こころ「では質問を続けるがお主は幸運と言っていたな。そこまで言うのなら今までの幸運だった経験の例を挙げてみて欲しいのだが構わぬだろうか?」
とそうこころは質問を続ける。その質問をされた狛枝は少し悩んだ仕草をした後、
狛枝「う〜ん...この世界でわかる例となると以前ボクは連続殺人犯に拉致されたことがあってね。なんやかんやあってそこから出れた後家に帰っている途中のゴミ箱で宝くじ...すごく低い確率で大金が手に入るクジみたいなのなんだけど、それを見つけてなんとなく持って帰ったんだけど、ふとそのクジが当たっているかどうか確認したら...なんとびっくり1等だったんだ!それによってボクは大金を手に入れることができたんだ。」
とそうその経験について話す。その例を聞いたこいしは、
こいし「確かに運はいいんだろうけど...私には幸福とはとても思えないよ。」
とそう狛枝に言う。その言葉に狛枝は、
狛枝「う〜ん、この例では納得してくれないか...じゃあこれならどうだい?以前ボクはロシアンルーレットに挑戦する機会があってね。銃弾に弾を何発か込めて自分に向かって撃つって言う内容だったんだけどその銃は弾が全部で6発入ったんだよね。だからボクはてっきり5発入れてやるものなのかなって思って6分の5で弾が出る状態でゲームをしたんだけど...見ての通り6分の1を引いてボクは生き残ることが出来たんだ。あんまり現実離れした幸運でもないけどこれも運が良かった出来事かな。」
とそうジャバウォック島での出来事を思い出しながら言う。
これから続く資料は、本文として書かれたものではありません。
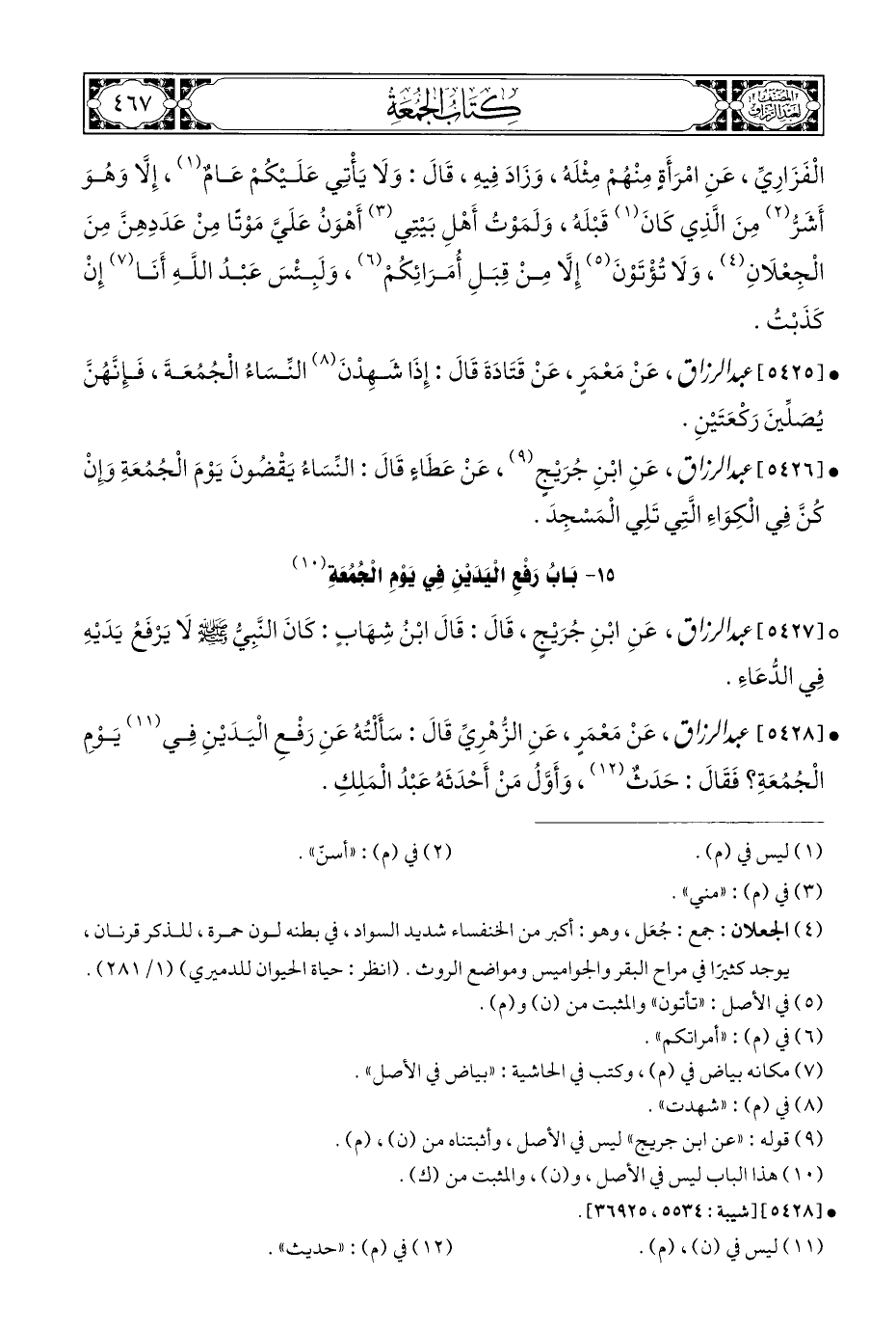 • [٥٤٢٨] عبد الرزاق، عَنْ مَعْمَرٍ، عَنِ الزُّهْرِيِّ قَالَ: سَأَلْتُهُ عَنِ رَفْعِ الْيَدَيْنِ فِي (¬١١) يَوْمِ الْجُمُعَةِ؟ فَقَالَ: حَدَثٌ (¬١٢)، وَأَوَّلُ مَنْ أَحْدَثَهُ عَبْدُ الْمَلِكِ.
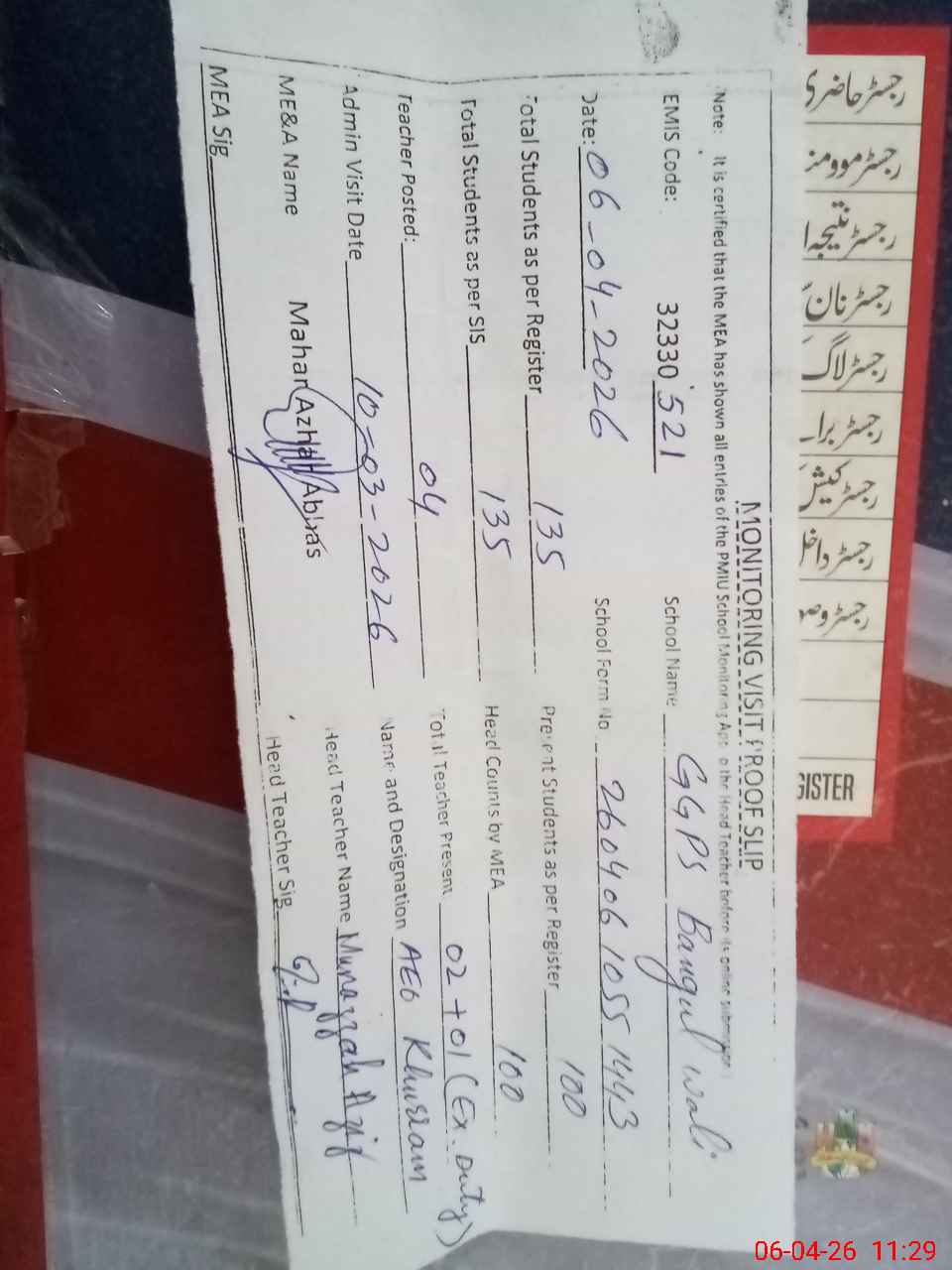 | Attendance Register | Head Teacher | MEA with School | Visit Proof |

その例を言ったら今度はこころが、
こころ「ふむ、確かにそれは幸運だな。だがお主それで弾が出ていたらどうするつもりだったのだ?おそらくその話はここに来る前の話であろう?ならばお主にはまだ特別な能力なども何もないはずだが...」
とそう狛枝に聞いてくる。その質問をされた狛枝は、
狛枝「逆にどうしてそんなあり得ない仮定をしないといけないのかな。前にも言った通りボクは『超高校級の幸運』と言う才能を持ってるんだよ?6分の1程度のあたりを引けなくて何が超高校級なんだって話さ。だからボクはあれは確実に成功するって思ってたからそんなもしもの話なんて考える必要もなかったんだよ。」
と至極当然と言った様子で答える。その答えを聞いたこいしはなんとも言えない表情を浮かべていたがこころは特に表情も変えることなく、
こころ「お主が良くも悪くも自分の運を信用していることはよくわかった。では次の質問をするぞ。」
と次の質問に話題を切り替えるのであった...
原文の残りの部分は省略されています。